-- Task inputs --
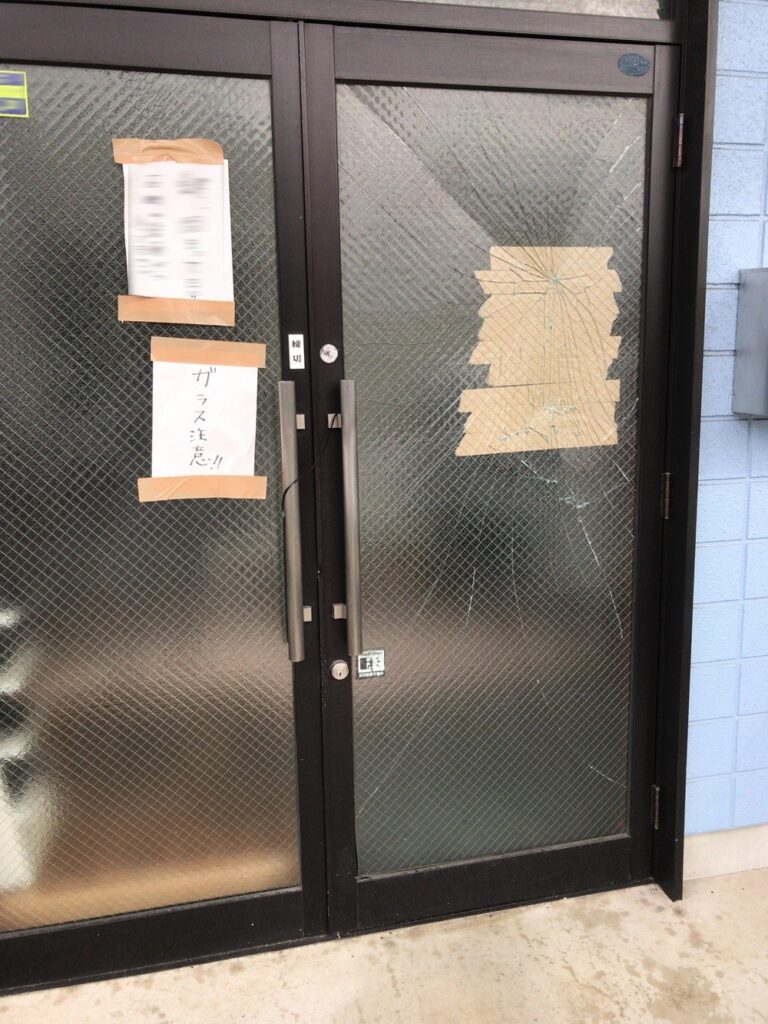 ガラス修理 2017年10月24日 最終更新日時 : 2026年1月24日 garasu110 修理・施工事例のカテゴリーガラス修理 弊社近隣のお客様よりガラス修理のご依頼を頂きました。こちらは台風によるガラス破損です。 網入り型ガラス6.8ミリ厚726ミリ×1795ミリ(1枚)コーキング施工
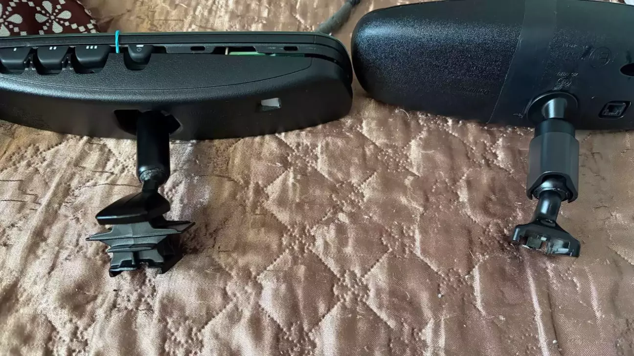 Обидва дзеркала вдалось аккуратно розібрати. Корпус рідного дзеркала склеєний, а безрамкового - на защолках. Прикинув, що буде, якщо переставити ноги:
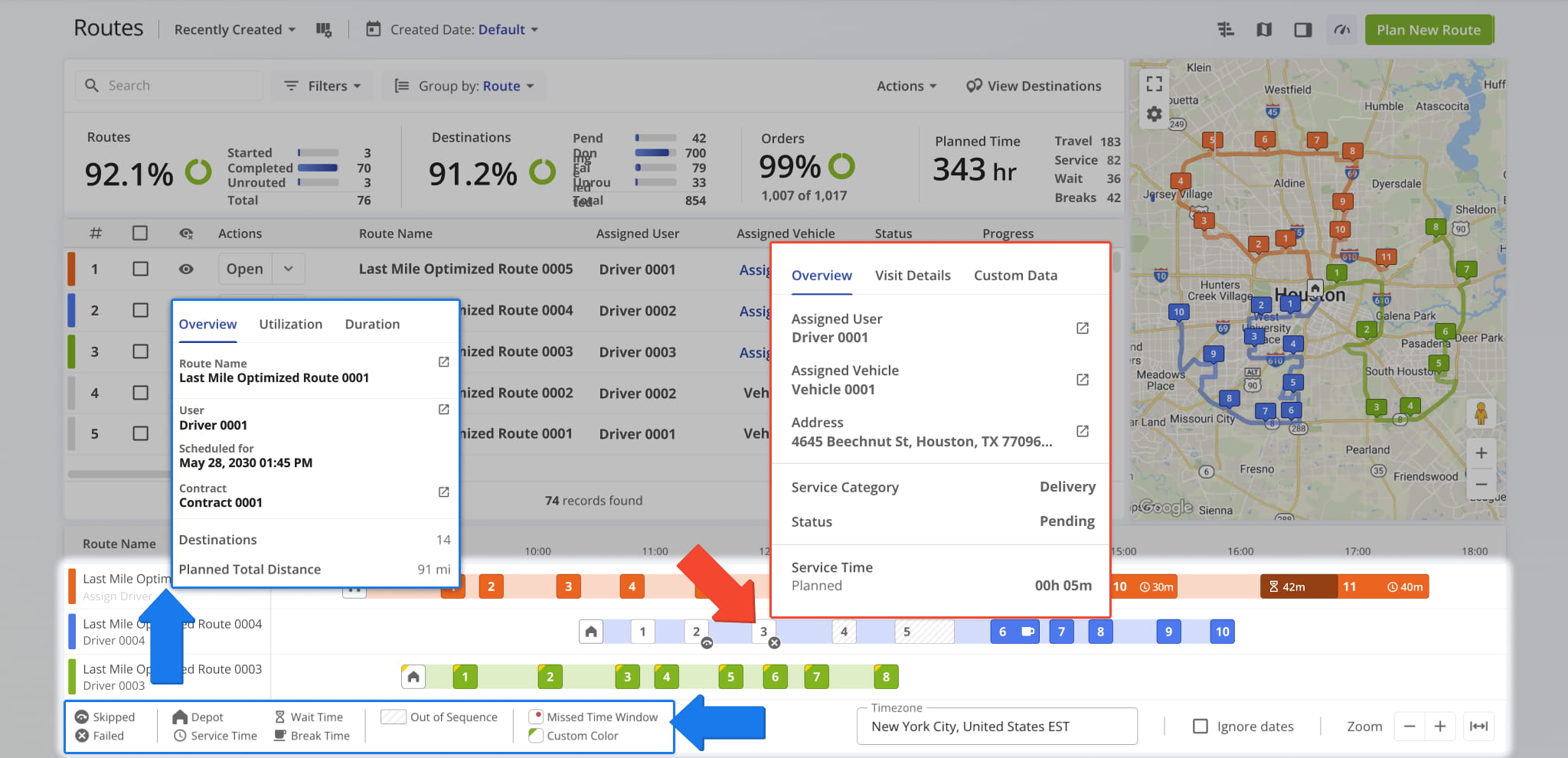 The Routes page now includes an Interactive Route Timeline. You can view scheduled routes side by side, check destination service times, wait times, missed time windows, out of sequence visits, order details, and more.
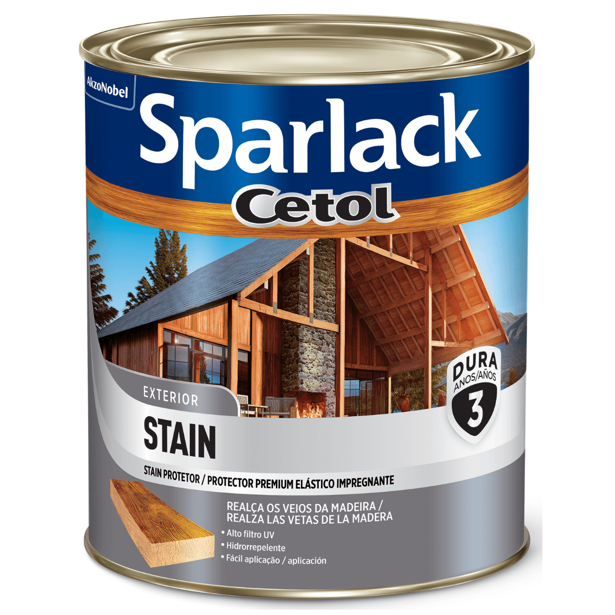 Sparlack Cetol Stain é um protetor elástico impregnante, que não trinca e não descasca. Realça os veios da madeira. Durabilidade de 3 anos (a durabilidade pode ser inferior para a cor Incolor UV Glass). Proteção máxima para madeiras expostas ao sol, à chuva e proteção contra radiação UV. Sua fórmula penetra fundo na madeira, tratando e realçando a beleza natural dos seus veios.
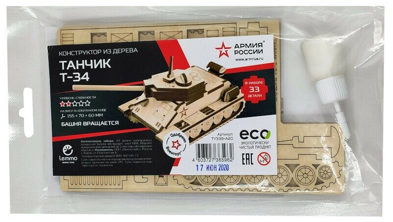 Сервис сравнения цен СкидкаГИД предлагает сравнить цены на товар «Конструктор деревянный Танчик Т-34 Армия России»
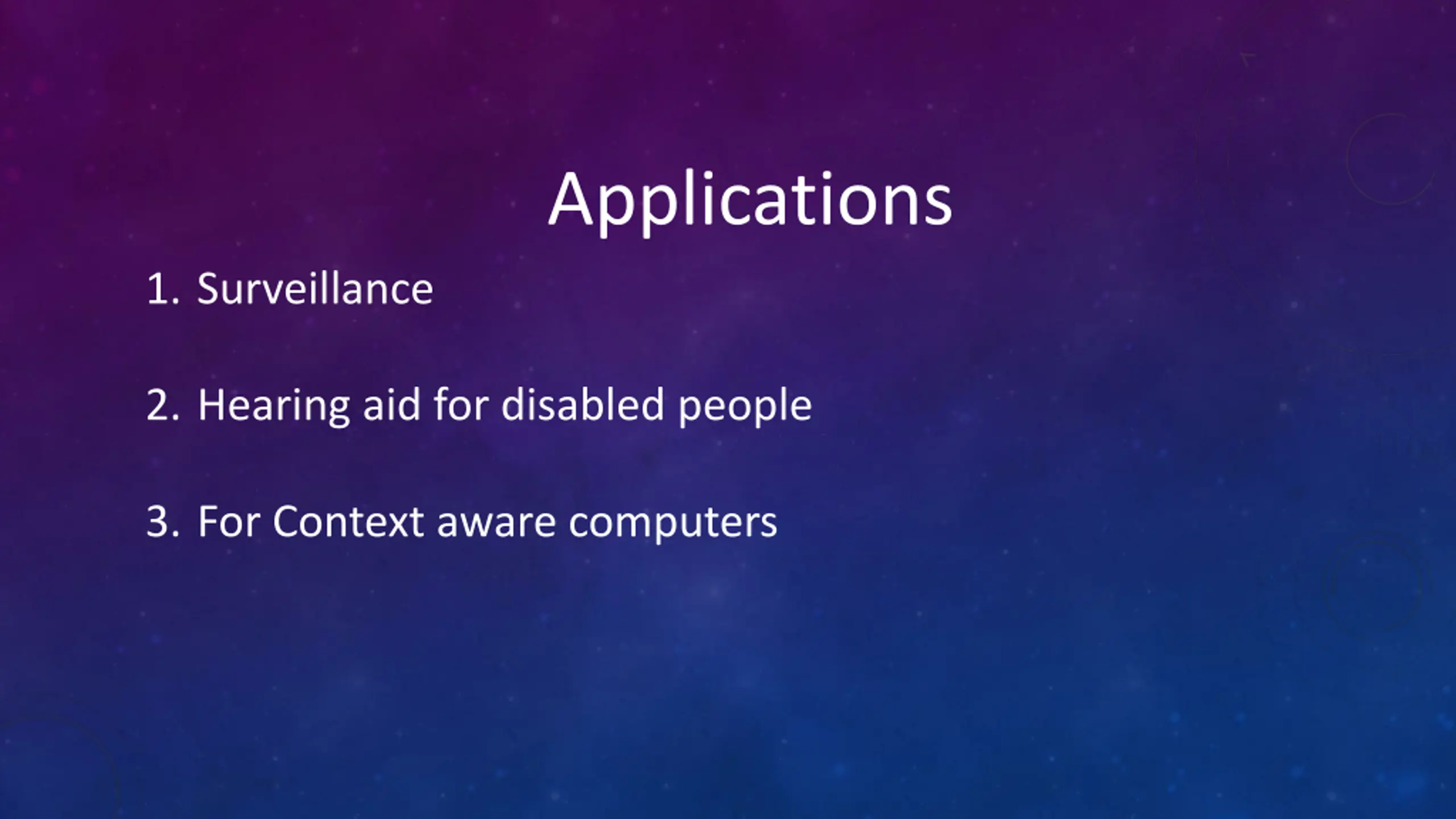 Applications 1. Surveillance 2. Hearing aid for disabled people 3. For Context aware computers

-- Instructions for the task --
Only the line with "The Routes page" and those preceding it, back to the first line of the entries, should be repeated exactly, without pictures.

-- Answer box --
 ガラス修理 2017年10月24日 最終更新日時 : 2026年1月24日 garasu110 修理・施工事例のカテゴリーガラス修理 弊社近隣のお客様よりガラス修理のご依頼を頂きました。こちらは台風によるガラス破損です。 網入り型ガラス6.8ミリ厚726ミリ×1795ミリ(1枚)コーキング施工
 Обидва дзеркала вдалось аккуратно розібрати. Корпус рідного дзеркала склеєний, а безрамкового - на защолках. Прикинув, що буде, якщо переставити ноги:
 The Routes page now includes an Interactive Route Timeline. You can view scheduled routes side by side, check destination service times, wait times, missed time windows, out of sequence visits, order details, and more.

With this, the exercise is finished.